__Data provided__.
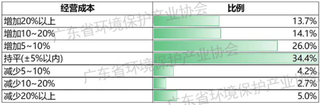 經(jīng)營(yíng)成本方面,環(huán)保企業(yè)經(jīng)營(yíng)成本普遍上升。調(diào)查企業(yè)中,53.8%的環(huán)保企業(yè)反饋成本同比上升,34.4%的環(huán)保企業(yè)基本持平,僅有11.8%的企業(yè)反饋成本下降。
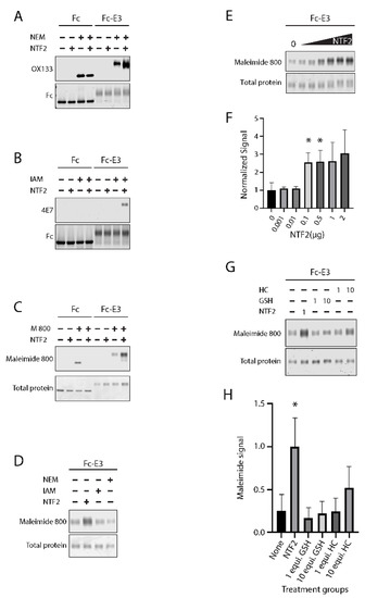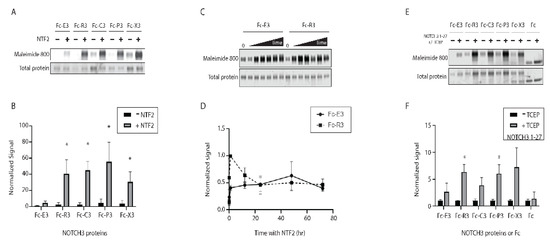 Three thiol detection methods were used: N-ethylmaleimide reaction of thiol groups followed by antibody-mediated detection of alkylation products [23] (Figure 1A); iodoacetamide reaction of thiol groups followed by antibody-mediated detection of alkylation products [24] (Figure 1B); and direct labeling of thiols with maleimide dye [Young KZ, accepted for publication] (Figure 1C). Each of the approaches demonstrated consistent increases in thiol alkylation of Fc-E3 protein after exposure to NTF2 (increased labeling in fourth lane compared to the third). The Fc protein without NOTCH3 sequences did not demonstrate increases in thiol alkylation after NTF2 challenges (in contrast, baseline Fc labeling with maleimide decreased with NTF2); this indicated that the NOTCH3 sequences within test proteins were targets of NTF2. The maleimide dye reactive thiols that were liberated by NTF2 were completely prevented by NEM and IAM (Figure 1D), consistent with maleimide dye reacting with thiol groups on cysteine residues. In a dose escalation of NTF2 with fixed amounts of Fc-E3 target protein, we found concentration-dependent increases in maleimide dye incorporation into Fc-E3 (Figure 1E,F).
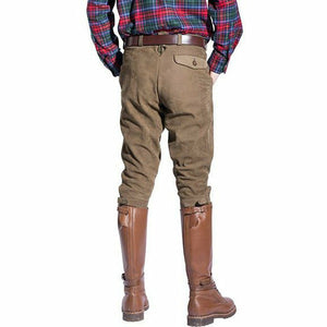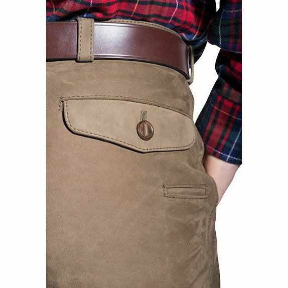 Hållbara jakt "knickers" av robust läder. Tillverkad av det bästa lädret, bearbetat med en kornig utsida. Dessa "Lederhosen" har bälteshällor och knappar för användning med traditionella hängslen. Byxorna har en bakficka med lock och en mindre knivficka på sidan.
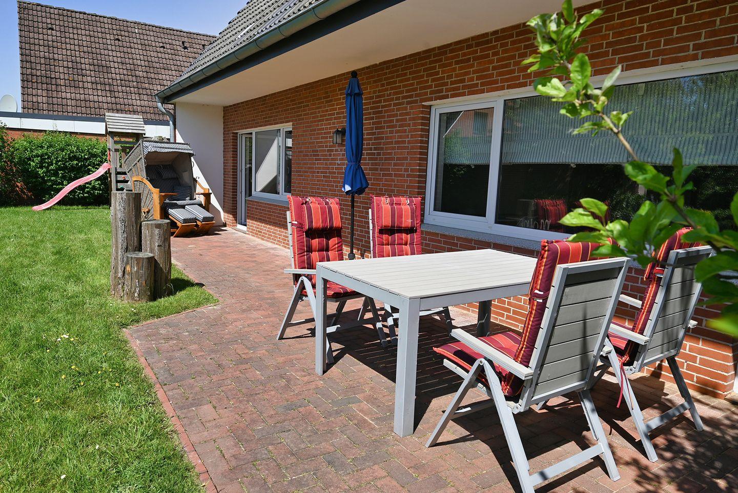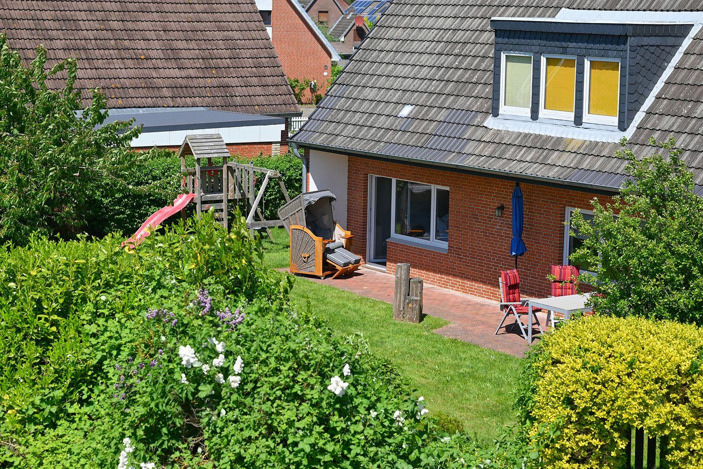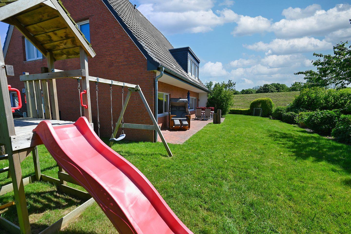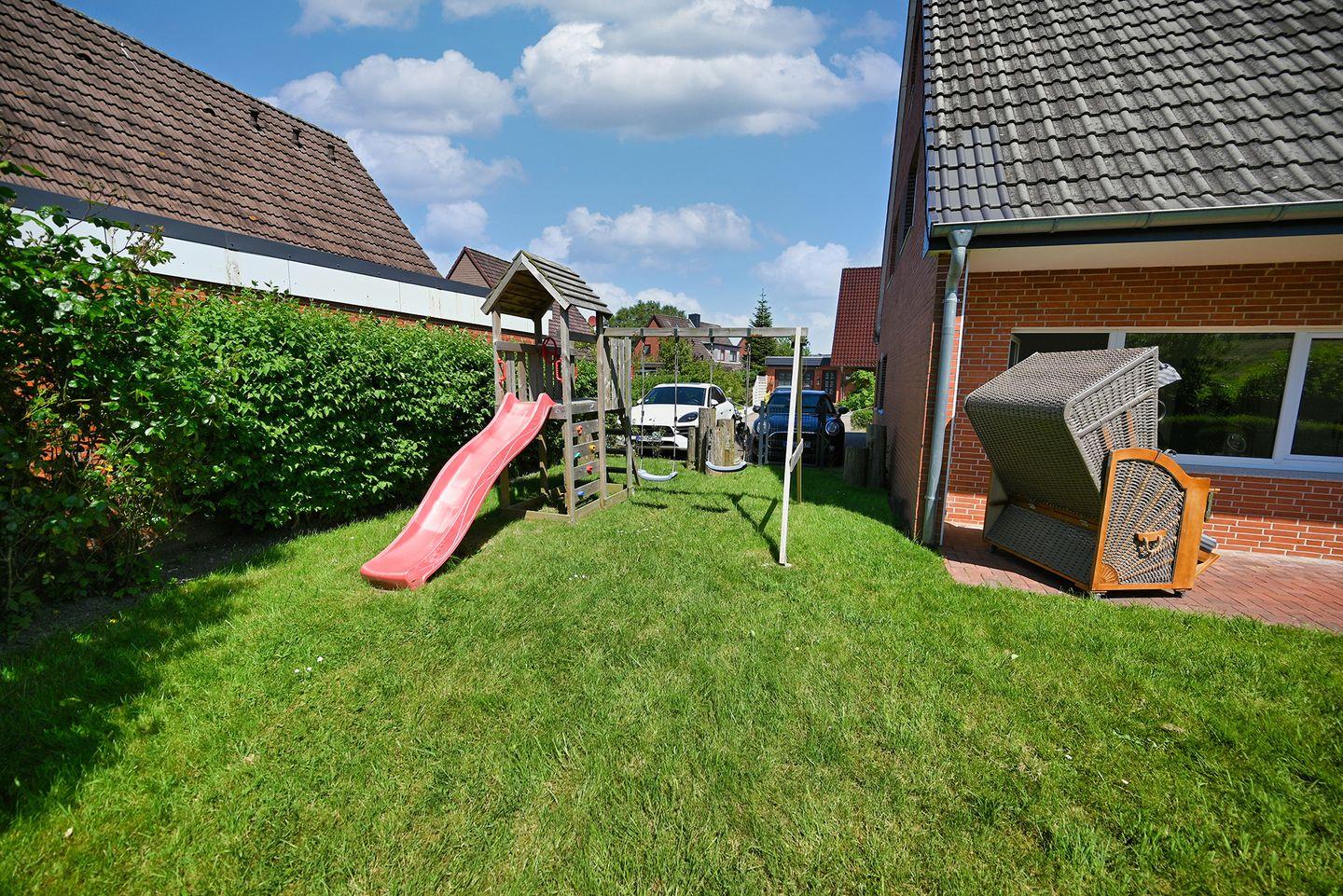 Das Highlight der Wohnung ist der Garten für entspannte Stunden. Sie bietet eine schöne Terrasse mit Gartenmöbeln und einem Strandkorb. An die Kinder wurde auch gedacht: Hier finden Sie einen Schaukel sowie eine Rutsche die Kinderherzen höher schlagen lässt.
* * *
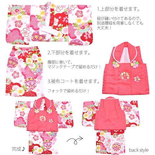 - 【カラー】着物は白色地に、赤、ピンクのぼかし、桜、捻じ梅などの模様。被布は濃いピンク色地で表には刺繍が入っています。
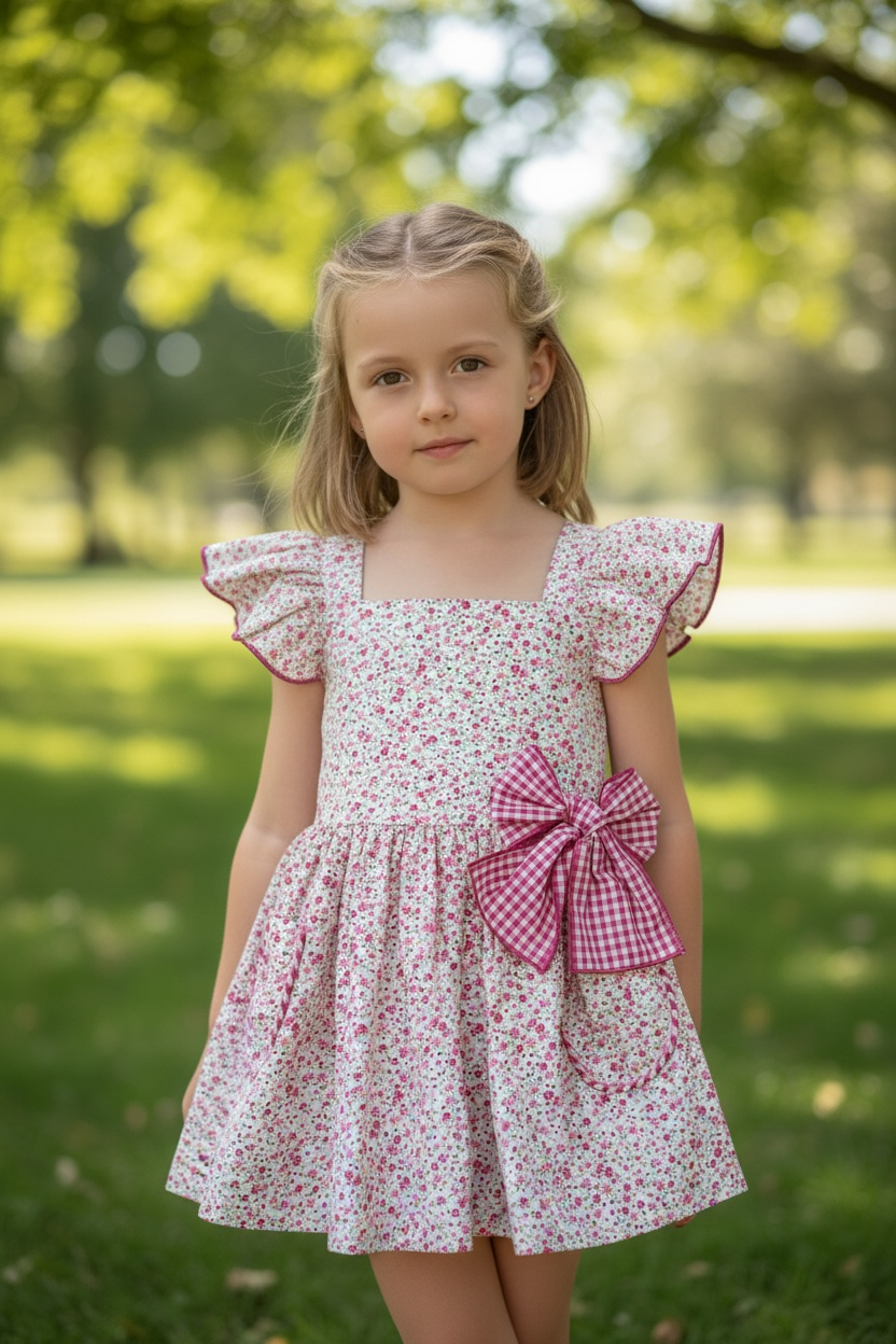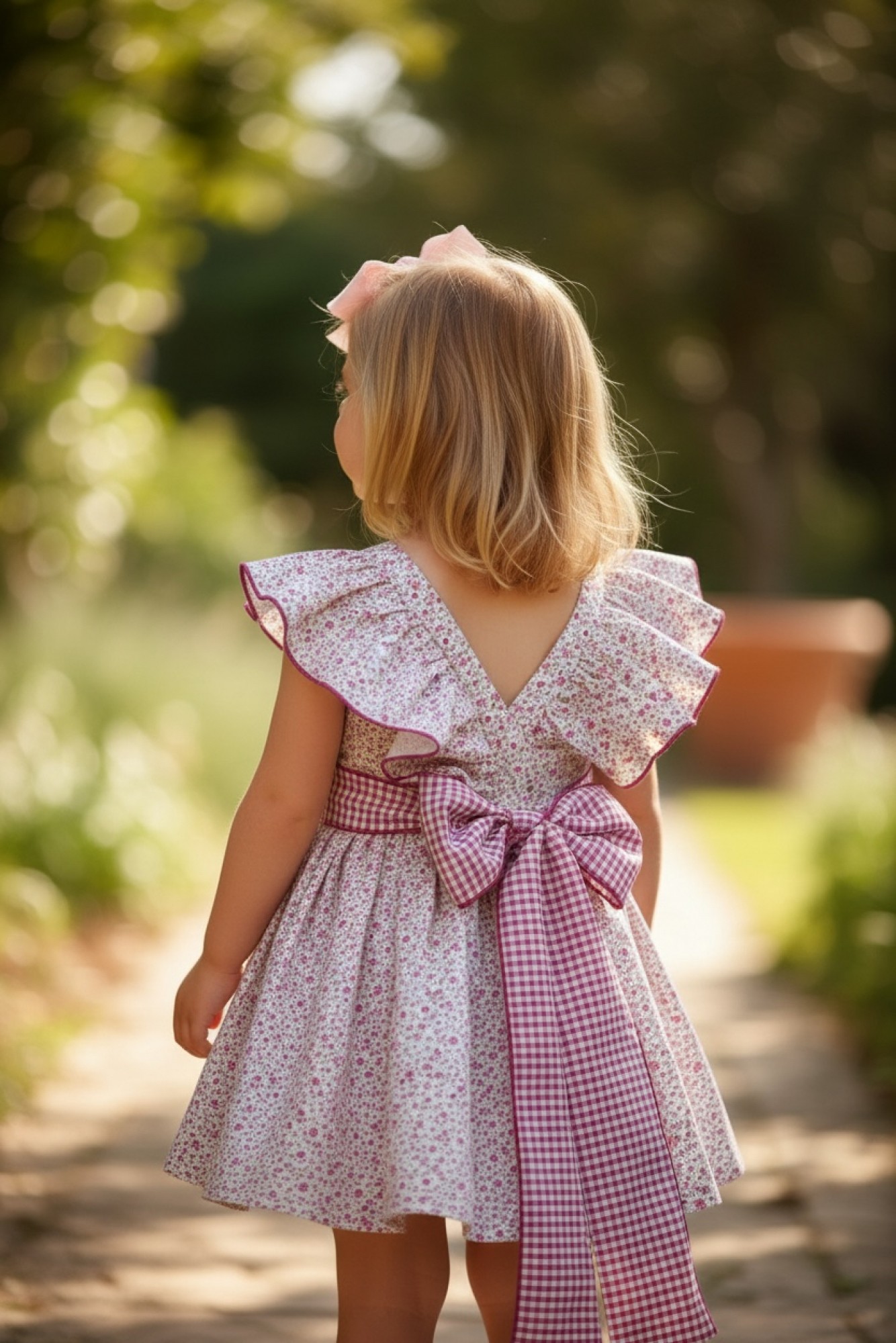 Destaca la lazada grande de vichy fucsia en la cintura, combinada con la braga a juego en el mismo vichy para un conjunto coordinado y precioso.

__What you should do__.
All that should appear in the answer is the lines above from the line with "- 【カラー】着物は白色地に" through the line with "Destaca la lazada", retyped exactly, pictures left out.

__Worked solution__.
 - 【カラー】着物は白色地に、赤、ピンクのぼかし、桜、捻じ梅などの模様。被布は濃いピンク色地で表には刺繍が入っています。
 Destaca la lazada grande de vichy fucsia en la cintura, combinada con la braga a juego en el mismo vichy para un conjunto coordinado y precioso.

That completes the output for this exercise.